Backup of
https://joelrees-novels.blogspot.com/2020/09/33209-rocks-moving-ahead.html.
Chapter 14.1 Rocks -- Bit Multiply
Chapter 14.2: Rocks -- Moving Ahead
[Please pardon the layout change. Google is being the 800 pound
prima donna and making all blogspot users use a buggy blog editor now.]
"Are
you sure that there's nothing in what you and Julia just went over that
you won't be claiming as IP?" Bill wrinkled his forehead.
I shrugged. "Trying to claim IP on this kind of thing is only one step
beyond trying to claim IP on binary addition. No real circuitry to base
claims on, nothing but ideas and math."
(We won't mention a very famous, wealthy corporation that did, in fact,
attempt patent claims on binary addition in an ALU, buried in its claims
concerning a programming language and programming environment they
developed and sold. We also won't dwell too much here on the fact that,
once upon a time, ideas, math, and algorithms were considered outside
the domain of patents in the USA.)
"Would it be possible," I asked, pressing my own agenda, "to reduce the
cycle count to one on reads and two on writes in the direct page RAM,
without blowing the transistor budget on a 6805 or 6801? That alone
could better than double the speed of software multiply and divide."
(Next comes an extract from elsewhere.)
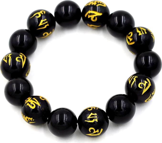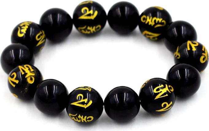 Vòng chuỗi gồm sự kết hợp giữa thạch anh đen mạ-vàng "lục tự kim ngôn" và thạch anh đen, là sản phẩm Phật giáo mang ý nghĩa an khang.

There was a bit of uncomfortable chuckling and clearing of throats.
"No?"
Several engineers looked at Pete. He shrugged.
Tobias tilted his head apologetically. "We'd have to fix the prefetch/decode circuit so it's a real pipeline of depth one."
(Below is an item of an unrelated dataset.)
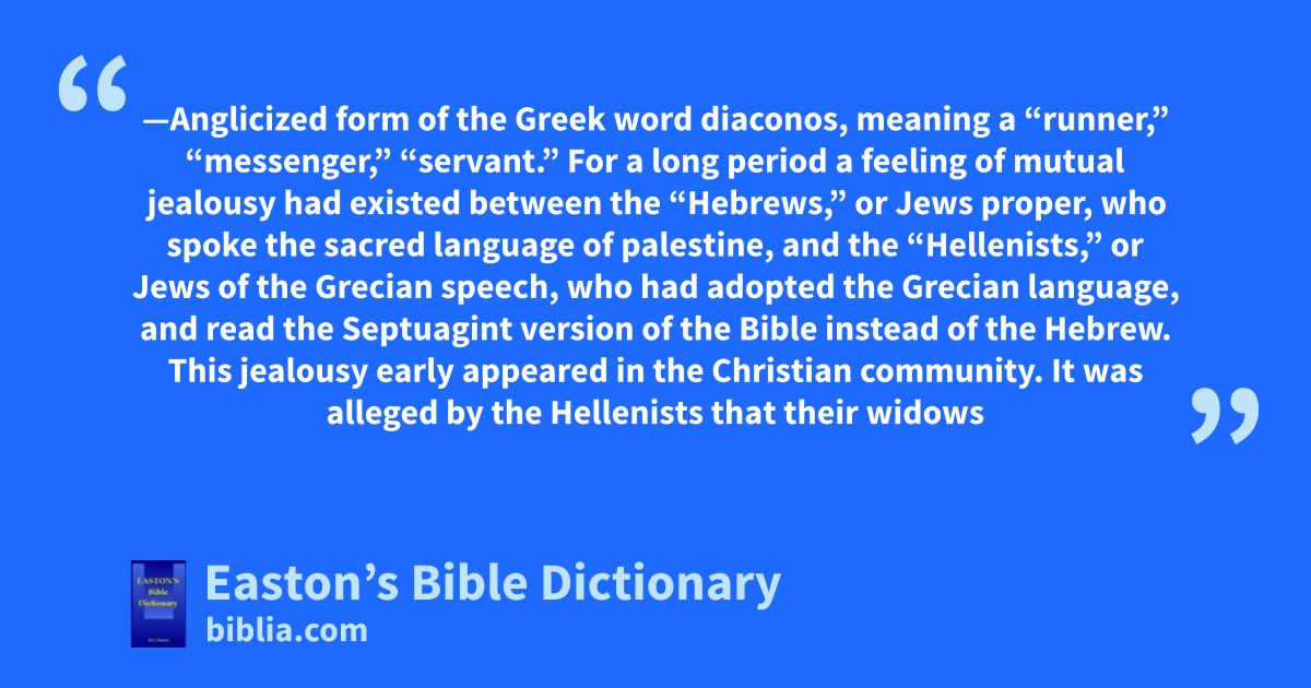 Deacon—Anglicized form of the Greek word diaconos, meaning a “runner,” “messenger,” “servant.” For a long period a feeling of mutual jealousy had existed between the “Hebrews,” or Jews proper, who spoke the sacred language of palestine, and the “Hellenists,” or Jews of the Grecian speech, who had adopted the Grecian language, and read the Septuagint version of the Bible instead of the Hebrew. This jealousy early appeared in the Christian community. It was alleged by the Hellenists that their widows were overlooked in the daily distribution of alms. This spirit must be checked. The apostles accordingly advised the disciples to look out for seven men of good report, full of the Holy Ghost, and men of practical wisdom, who should take entire charge of this distribution, leaving them free to devote themselves entirely to the spiritual functions of their office (Acts 6:1–6). This was accordingly done. Seven men were chosen, who appear from their names to have been Hellenists. The name “deacon” is nowhere applied to them in the New Testament; they are simply called “the seven” (21:8). Their office was at first secular, but it afterwards became also spiritual; for among other qualifications they must also be “apt to teach” (1 Tim. 3:8–12). Both Philip and Stephen, who were of “the seven,” preached; they did “the work of evangelists.”

"It's not a real pipeline?"
"The
eight-bit designs don't have a place to keep the instruction in its
partial and fully-decoded states, so we go back and redo the prefetch if
we don't use it immediately."
"Oh."
"And then we'd
have to test it. Testing is what we get stuck on budgeting time for. You
should talk with your brother about that."
"Denny's not in charge of test, is he?"
"No, but he could tell you something about the backlog."
Our Bob spoke up, "Could interns help with the grunt work?"
Motorola's Bob exchanged glances with Bill, then turned to Jesse. "Should we look at that?"
"Maybe we should," Jesse frowned. "I'll discuss it with my group on
Monday, see if we can separate something out that a non-engineering tech
could handle."
"Remember that these guys seem to have a bit more of a handle on the tech than our usual crop of interns."
"We'll take that into consideration."
I ventured a bit further. "I'm not just thinking of fast direct-page
RAM, though. The 6809 and the 68000 have enough index registers to
support separating the parameter stack from the return pointer stack,
and that means one might profitably attach a hysteric cache to both
pointers, with the appropriate control signals."
That got me looks of confusion and amusement.
"A cache that tracks the stack pointer with hysteresis." I borrowed Julia's notepad again and sketched out something like this:
Ms. Philips reached over and lifted the notepad and waved it at me. "I am sure this is IP."
"It's
just a lousy diagram of spill-fill cache tied to a stack pointer.
Calling it hysteric is a bit of a pun, is all. Not even a really good
pun, at that."
Jesse started chuckling. "If it works," he commented, "it'd be more appropriate to call it an anti-histrionic stack cache."
A number of other engineers echoed his chuckles of appreciation.
Ms.
Philips and Ms. Steward put their heads together and started working on
something. Bill and Motorola's Bob refrained from comment, keeping an
unobtrusive eye on what they were working out.
I added, "If
the cache could also be accessed in single-cycle reads and two-cycle
writes, local variables would be almost as good as registers."
Bill
leaned forward. "We've taken a lot of your time on this blue-sky
brainstorming, but Bob and I wanted to get your opinion on something."
I let the amusing, but perhaps meaningful mixed metaphor pass and nodded.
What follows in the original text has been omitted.